» Task description:
Below are records with pictures; copy word for word only the lines between the line with "12 Lavoir du Coul' d'eau" and the line with "Θεσσαλονίκη. Η περιοχή", inclusive, and drop the pictures.

» Material provided:
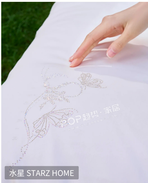
水星 STARZ HOME

作为法式静奢风的点睛之笔，微光饰缀工艺以“克制闪耀”重构春夏家纺的精致表达。着重采用渐变烫钻、雾面钉珠与隐闪金银丝嵌织，打造低存在感的细腻光泽。以奶白、浅驼、雾蓝等低饱和底色为画布，微光元素仅在床品角隅悄然绽放——枕套一角的渐变珠排、被套边缘的细碎钻饰，复刻法式宫廷床品的仪式感。随光影流转，这些细碎微光呈现柔和朦胧的层次，为日常卧室注入优雅精致的氛围，让每一处细节都成为春夏松弛高级感的无声表达。
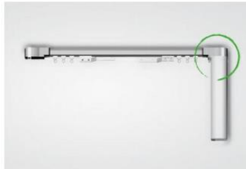
Motor de giro a la derecha
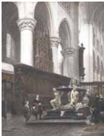
16. Interieur van de Grote Kerk met het grafmonument van Engelbrecht II in het hoogkoor en het monument van Engelbrecht I in de zuidelijke kooromgang, olie- verf, 1843 (001)
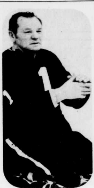
Johnny Bower a repris l'entraînement.
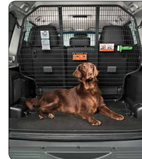
▲ Griglia di separazione In acciaio verniciata nera. Per versione 5 porte senza tettuccio. MR935379 Per versione 5 porte con tettuccio. MR935382
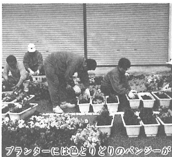
プランターには色とりどりのパンジーが
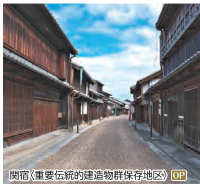
関宿<重要伝統的建造物群保存地区> OP
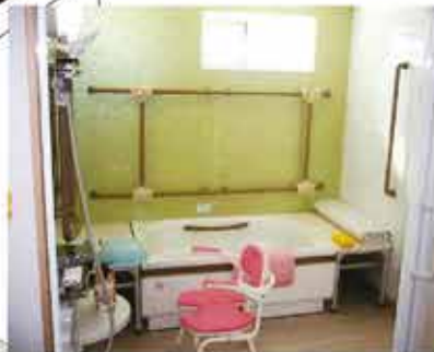
プライバシー重視で楽しく入浴していただけます。
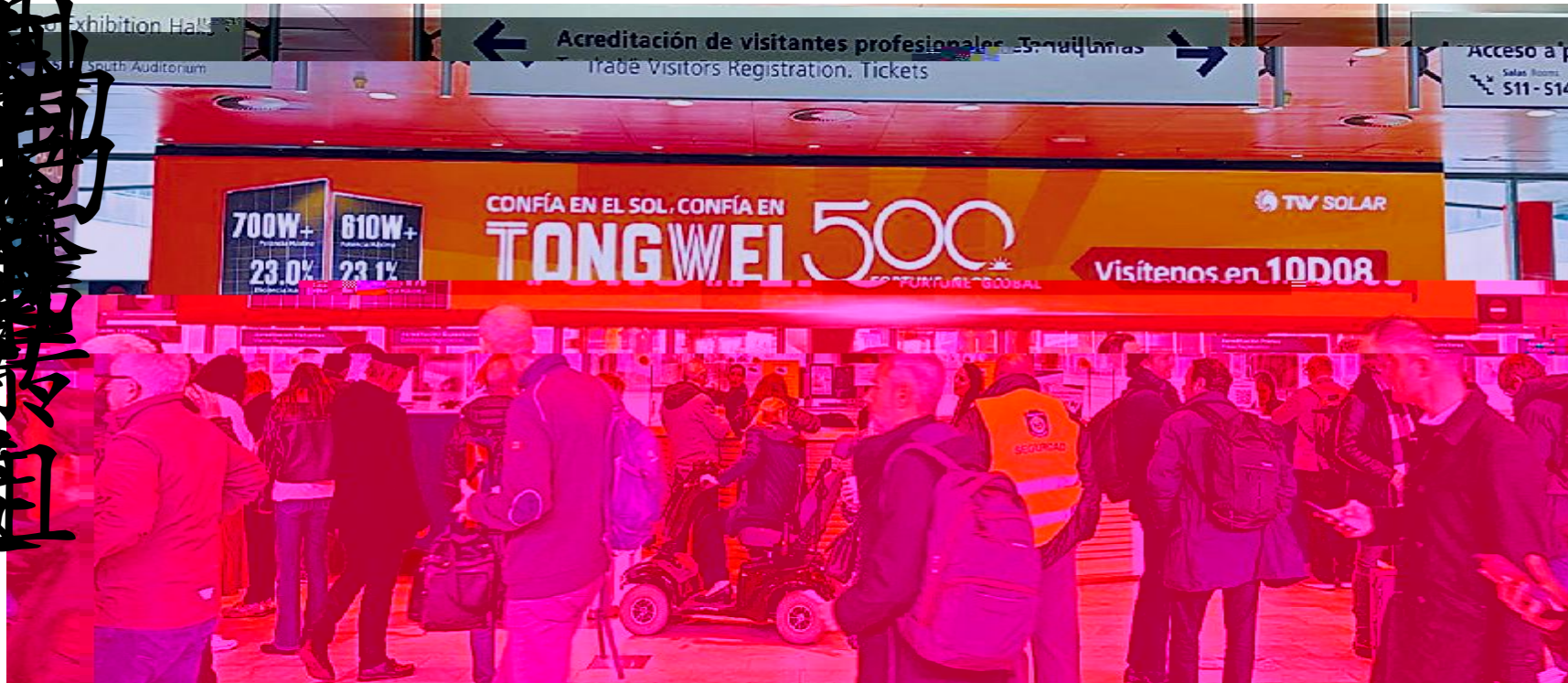
通威“智造”亮相西班牙马德里各大主要交通枢纽
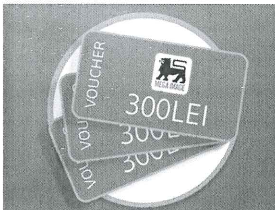
Voucher cumpărături Mega Image în valoare de 300 LEI

*Imaginile premiilor sunt cu titlu informativ
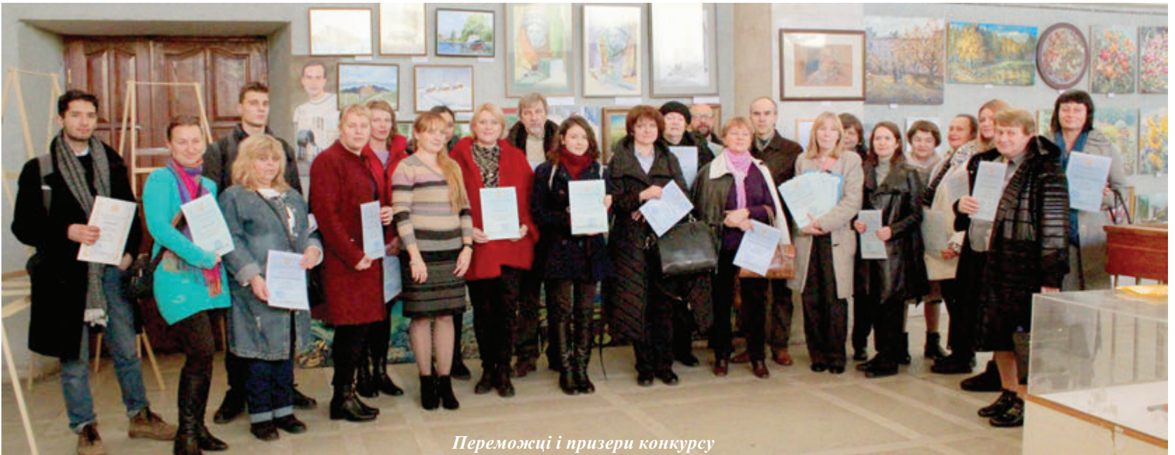
Переможці і призери конкурсу

18 грудня відбулося закриття щорічного мистецького конкурсу "Таланти КПІ". Виставка робіт, представлених на ньому, проходила у виставковій залі корпусу № 7 з 11 листопада. Участь у конкурсі взяли 67 конкурсантів. Студенти, викладачі, науковці та працівники КПІ ім. Ігоря Сікорського, учасники студії "Гармонія" при ЦКМ університету представили загалом близько 300 творів. Як і завжди, серед конкурсантів були учасники, які не вперше виставляли свої роботи, а також ті, з іменами яких глядачі знайомилися вперше. Загалом конкурс сприяв активізації художньої творчості та культурному зростанню студентської молоді, викладачів та працівників університету.
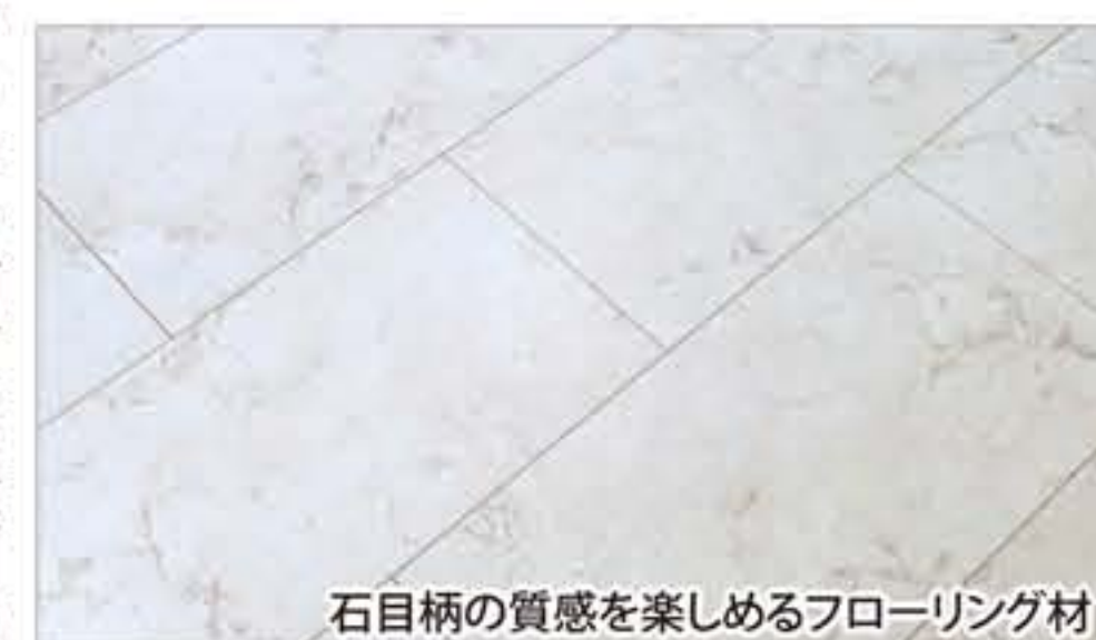
石目柄の質感を楽しめるフローリング材
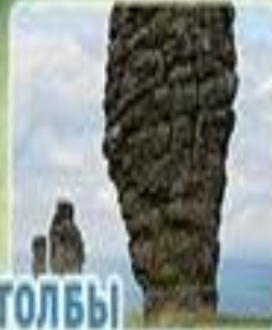
СТОЛБЫ ВЫВЕТРИВАНИЯ НА ПЛАТО МАНЬ-ПУПУ-НЁР
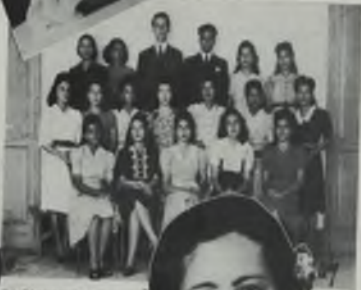
Una fotografía tomada en el "Club Deportivo" de Panamá.
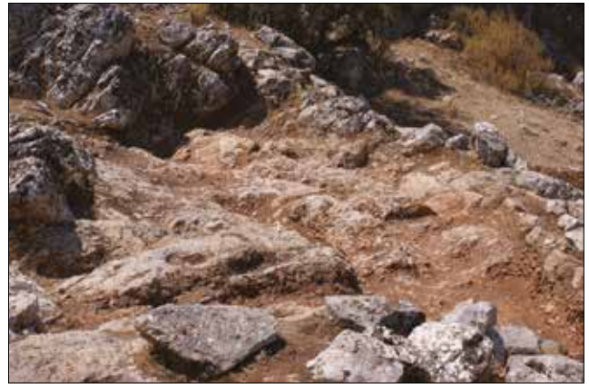
Figür 11: Kaya Odası / The Room in the Rocky Area (M. Bulba)
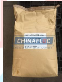
Gambar 2.12 Flocculant Anionic
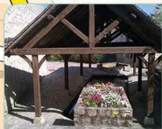
12 Lavoir du Coul' d'eau
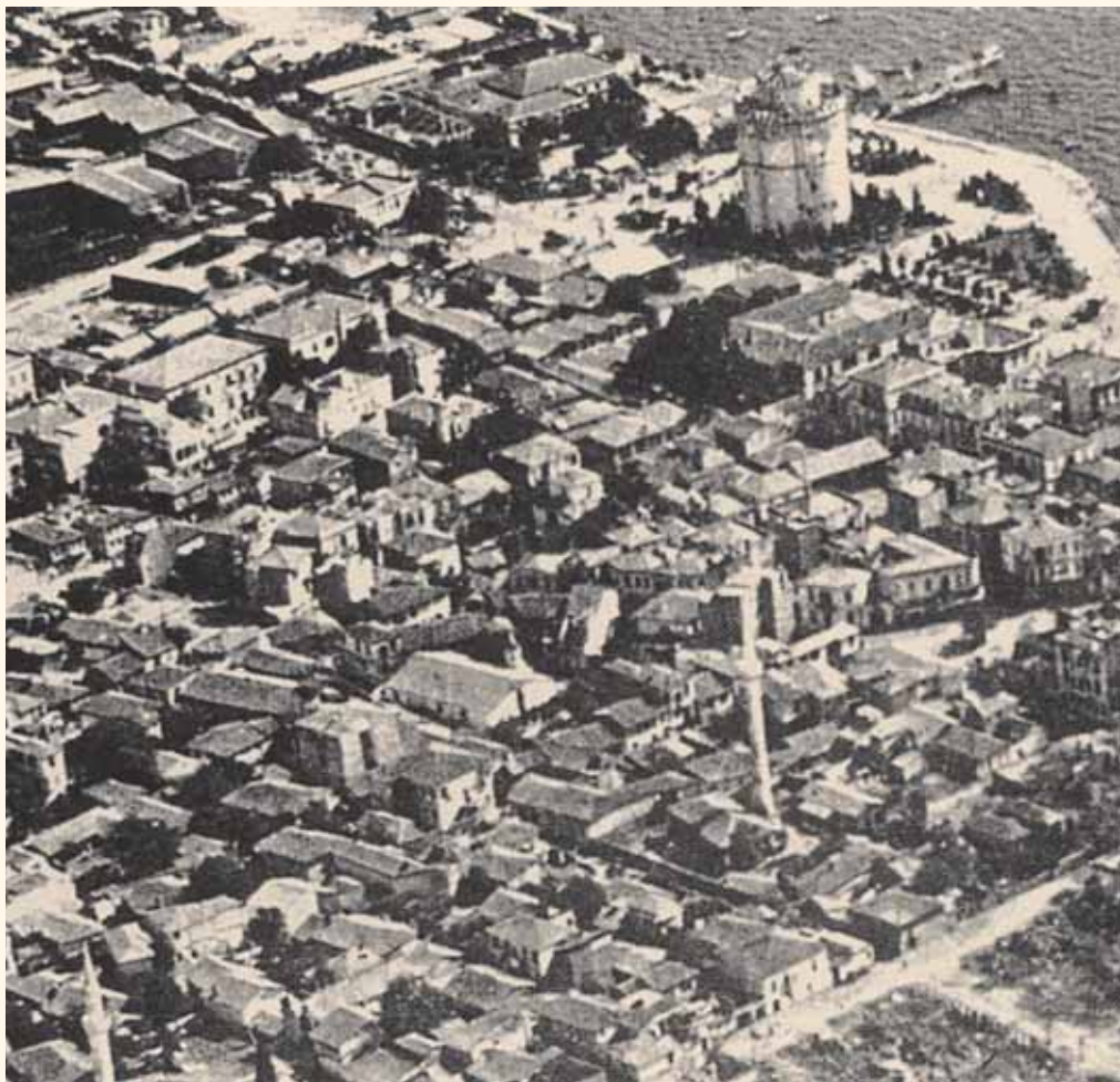
Θεσσαλονίκη. Η περιοχή της Νέας Παναγιάς μετά την πυρκαγιά του 1917. (Δημοσιεύθηκε στο βιβλίο «Τα Μυστήρια της Θεσσαλονίκης» του Ε. Χεκίμογλου).

Οι εστίες των επιδημιών δεν ήταν μόνο οι ακάθαρτοι δρόμοι και οι ελεύθεροι χώροι όπου στιβάζονταν φόπιες γάτες, σκύλοι, αγελάδες που παρέμεναν εκεί μέχρι να αποσυντεθούν και να μεταφερθούν τα κορμάτια τους από άλλα ζώα σε άλλες περιοχές προκαλώντας έτσι διασπορά μολυσματικών υλικών. Ο Αυστριακός προξενικός ιατρός στη Θεσσαλονίκη Ρατβάνερ σημειώνει: «Αν κοιτάξει κανείς τους στενούς ακάθαρτους σκοτεινούς δρόμους όπου στιβάζονται σκουπίδια, ακαθαρσίες σε μεγάλους όγκους και όχι σπάνια πτώματα των πιο διαφορετικών ζώων σε ημιαποσύνθεση προσβάλλουν τα αισθητήρια όργανα και ιδιαίτερα της οσμής. Ευτυχώς οι τόσο ακάθαρτοι δρόμοι καθαρίζονται εν μέρει από τις αγέλες των αδέσποτων σκύλων που τρέχουν από εδώ και από εκεί».

» Answer to the exercise:
12 Lavoir du Coul' d'eau
Θεσσαλονίκη. Η περιοχή της Νέας Παναγιάς μετά την πυρκαγιά του 1917. (Δημοσιεύθηκε στο βιβλίο «Τα Μυστήρια της Θεσσαλονίκης» του Ε. Χεκίμογλου).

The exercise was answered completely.